*Aim of the task*:
The entries that follow need to be printed exactly as they are, minus any pictures.

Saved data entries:
⁂

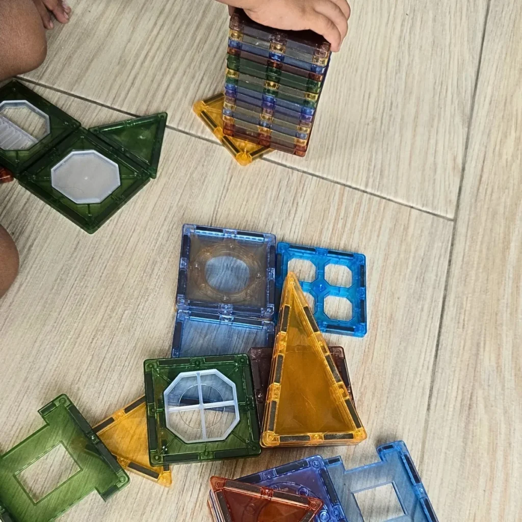 A esta edad, las fichas estimulan la Creatividad y mejoran la Coordinación Motriz, permitiendo crear formas y estructuras simples con piezas fáciles de manejar y fuertes imanes .
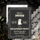 Parfait pour la saison effrayante et toutes les fêtes qu'elle implique, cette invitation d'Halloween noire et blanche reste mignonne et effrayante. Un petit fantôme mignon entouré de polices effrayantes et sophistiquées distingue cette invitation des autres avec son schéma de couleurs unique. Des citrouilles subtiles ornent l'arrière-plan de l'invitation pour un ajout de touche effrayante. Parfait pour les fêtes d'enfants et les fêtes de costumes pour adultes !
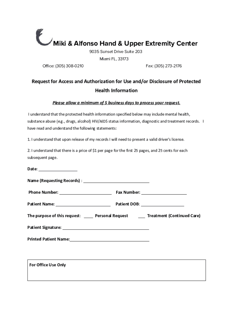 Miki&AlfonsoHand&UpperExtremityCenter 9035SunsetDriveSuite203 Miami FL,33173 Office:(305)3080210Fax:(305)2732176Request for Access and Authorization for Use and/or Disclosure of Protected Health Information
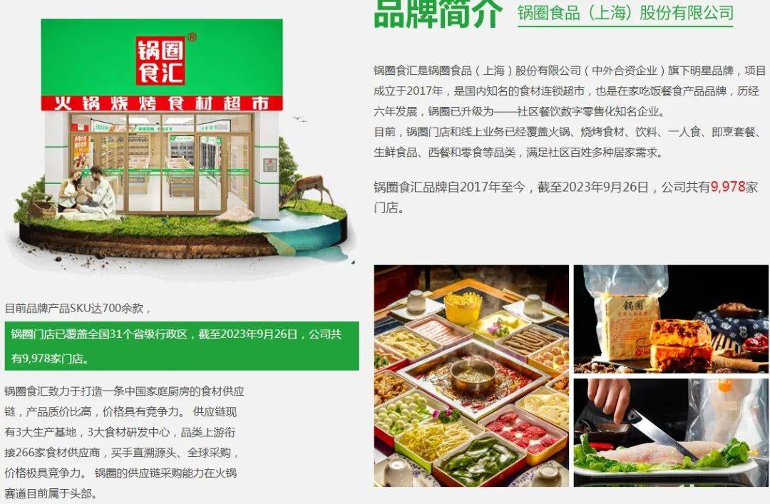 官网显示,锅圈成立于2017年,是中国领先的一站式在家吃饭餐食产品品牌,提供即食、即热、即煮和即配食材。最新数据显示,截至2023年10月11日,锅圈已经构建起了由10025家品牌门店形成的零售终端网络。截至2023年4月30日,锅圈的注册会员数量达到了2240万。
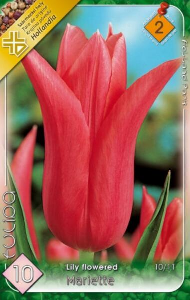 Tulipa Lily flowered Mariette tulipán virághagymák Virághagyma körmérete: 10/11 cm Javasolt ültetési ideje: Szeptember-December Virágzás ideje: Április-május Javasolt ültetési távolság: 10 cm Javasolt ültetési mélység kb. : 10 cm Növény várható magassága kb. : 55 cm Termesztett állományból származó növény. Származási hely: EU A liliomvirágú tulipánok április-m
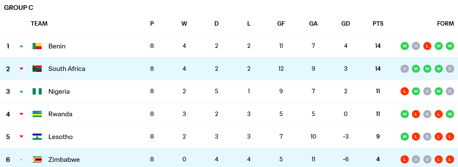 Cu două meciuri rămase de disputat în grupa C din preliminarii, Africa de Sud a coborât pe locul 2 din cauza meciului pierdut la masa verde, la egalitate cu liderul Benin, dar cu un golaveraj inferior.
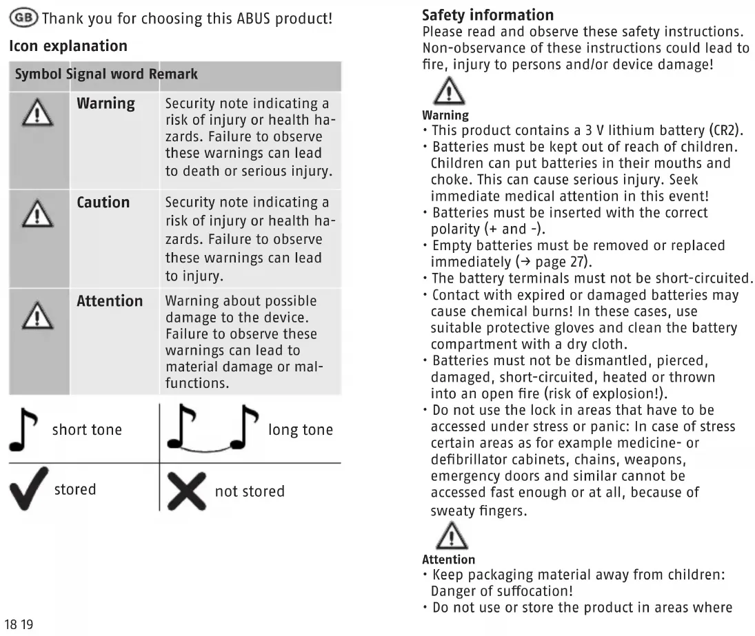 57 is in compliance with the Electromagnetic Compatibility Regulations 2016 and the Restriction of the Use of Certain Hazardous Substances in Electrical and Electronic Equipment Regulations 2012. The full text of the UK declaration WEEE-Reg.-Nr. DE79663011 of conformity can be requested at: info@abus.de Disposal It is your responsibility to delete all stored personal data prior to disposal of the product. This product contains valuable raw materials. At the end of its service life, dispose of the product in accordance with the applicable legal require- ments. Electrical appliances, rechargeable batteries and batteries must not be disposed of with household waste. Disposal must be carried out in accordance with Directive 2012/19/EU on waste electrical and electronic equipment (WEEE), or Directive 2006/66/ EC on batteries and accumulators and waste batteries and accumulators. Batteries must be removed from electrical appliances and disposed of separately before disposal. Dispose of the packaging according to type. Sepa- rate the cardboard, foil and plastic elements for recycling. Please contact the local authority responsible for disposal if you have any queries. You can obtain information on collection points for your old appliances, for example, from the local municipal or city administration, the local waste disposal companies, or your specialist dealer. Warranty ABUS products are designed, manufactured and tested in accordance with applicable regulations with great care. The warranty exclusively covers faults that are caused by material or manufacturing defects. If a material or manufacturing defect28 29 Merci d’avoir choisi ce produit ABUS ! Explication des symbols Symbole Mot-signal Observation Avertisse- ment Consigne de sécurité relative aux risques de blessure ou de danger pour votre santé. Le non-respect de ces con- signes peut entraîner un danger de mort ou des blessures graves. Prudence Consigne de sécurité relative aux risques de blessure ou de danger pour votre santé. Le non-respect de ces con- signes peut entraîner des blessures. Attention Avertissement con- cernant d’éventuels endommagements de l’appareil. Le non respect de ces consignes peut entraîner des dommages matériels ou des dysfon- ctionnements. can be proven, the product will be repaired or replaced at the discretion of the warrantor. In such cases, the warranty ends with the termination of the original warranty period. Any further claims are expressly excluded. ABUS assumes no liability for defects or damage that has been caused by external inuences (e.g. transport, external forces), improper use, normal wear and tear or non- compliance with this operating and installation instructions document. If a warranty claim is asserted, the product must be returned with the original receipt with date of purchase and a brief written description of the fault. No liability for mistakes and printing errors. bip court bip long enregistrée non enregistrée30 31 Consignes de sécurité Veuillez lire ces consignes de sécurité et les respec- ter. Leur non-respect peut conduire à un incendie et/ou des dommages matériels et corporels !

⁂

*Task response*:
 A esta edad, las fichas estimulan la Creatividad y mejoran la Coordinación Motriz, permitiendo crear formas y estructuras simples con piezas fáciles de manejar y fuertes imanes .
 Parfait pour la saison effrayante et toutes les fêtes qu'elle implique, cette invitation d'Halloween noire et blanche reste mignonne et effrayante. Un petit fantôme mignon entouré de polices effrayantes et sophistiquées distingue cette invitation des autres avec son schéma de couleurs unique. Des citrouilles subtiles ornent l'arrière-plan de l'invitation pour un ajout de touche effrayante. Parfait pour les fêtes d'enfants et les fêtes de costumes pour adultes !
 Miki&AlfonsoHand&UpperExtremityCenter 9035SunsetDriveSuite203 Miami FL,33173 Office:(305)3080210Fax:(305)2732176Request for Access and Authorization for Use and/or Disclosure of Protected Health Information
 官网显示,锅圈成立于2017年,是中国领先的一站式在家吃饭餐食产品品牌,提供即食、即热、即煮和即配食材。最新数据显示,截至2023年10月11日,锅圈已经构建起了由10025家品牌门店形成的零售终端网络。截至2023年4月30日,锅圈的注册会员数量达到了2240万。
 Tulipa Lily flowered Mariette tulipán virághagymák Virághagyma körmérete: 10/11 cm Javasolt ültetési ideje: Szeptember-December Virágzás ideje: Április-május Javasolt ültetési távolság: 10 cm Javasolt ültetési mélység kb. : 10 cm Növény várható magassága kb. : 55 cm Termesztett állományból származó növény. Származási hely: EU A liliomvirágú tulipánok április-m
 Cu două meciuri rămase de disputat în grupa C din preliminarii, Africa de Sud a coborât pe locul 2 din cauza meciului pierdut la masa verde, la egalitate cu liderul Benin, dar cu un golaveraj inferior.
 57 is in compliance with the Electromagnetic Compatibility Regulations 2016 and the Restriction of the Use of Certain Hazardous Substances in Electrical and Electronic Equipment Regulations 2012. The full text of the UK declaration WEEE-Reg.-Nr. DE79663011 of conformity can be requested at: info@abus.de Disposal It is your responsibility to delete all stored personal data prior to disposal of the product. This product contains valuable raw materials. At the end of its service life, dispose of the product in accordance with the applicable legal require- ments. Electrical appliances, rechargeable batteries and batteries must not be disposed of with household waste. Disposal must be carried out in accordance with Directive 2012/19/EU on waste electrical and electronic equipment (WEEE), or Directive 2006/66/ EC on batteries and accumulators and waste batteries and accumulators. Batteries must be removed from electrical appliances and disposed of separately before disposal. Dispose of the packaging according to type. Sepa- rate the cardboard, foil and plastic elements for recycling. Please contact the local authority responsible for disposal if you have any queries. You can obtain information on collection points for your old appliances, for example, from the local municipal or city administration, the local waste disposal companies, or your specialist dealer. Warranty ABUS products are designed, manufactured and tested in accordance with applicable regulations with great care. The warranty exclusively covers faults that are caused by material or manufacturing defects. If a material or manufacturing defect28 29 Merci d’avoir choisi ce produit ABUS ! Explication des symbols Symbole Mot-signal Observation Avertisse- ment Consigne de sécurité relative aux risques de blessure ou de danger pour votre santé. Le non-respect de ces con- signes peut entraîner un danger de mort ou des blessures graves. Prudence Consigne de sécurité relative aux risques de blessure ou de danger pour votre santé. Le non-respect de ces con- signes peut entraîner des blessures. Attention Avertissement con- cernant d’éventuels endommagements de l’appareil. Le non respect de ces consignes peut entraîner des dommages matériels ou des dysfon- ctionnements. can be proven, the product will be repaired or replaced at the discretion of the warrantor. In such cases, the warranty ends with the termination of the original warranty period. Any further claims are expressly excluded. ABUS assumes no liability for defects or damage that has been caused by external inuences (e.g. transport, external forces), improper use, normal wear and tear or non- compliance with this operating and installation instructions document. If a warranty claim is asserted, the product must be returned with the original receipt with date of purchase and a brief written description of the fault. No liability for mistakes and printing errors. bip court bip long enregistrée non enregistrée30 31 Consignes de sécurité Veuillez lire ces consignes de sécurité et les respec- ter. Leur non-respect peut conduire à un incendie et/ou des dommages matériels et corporels !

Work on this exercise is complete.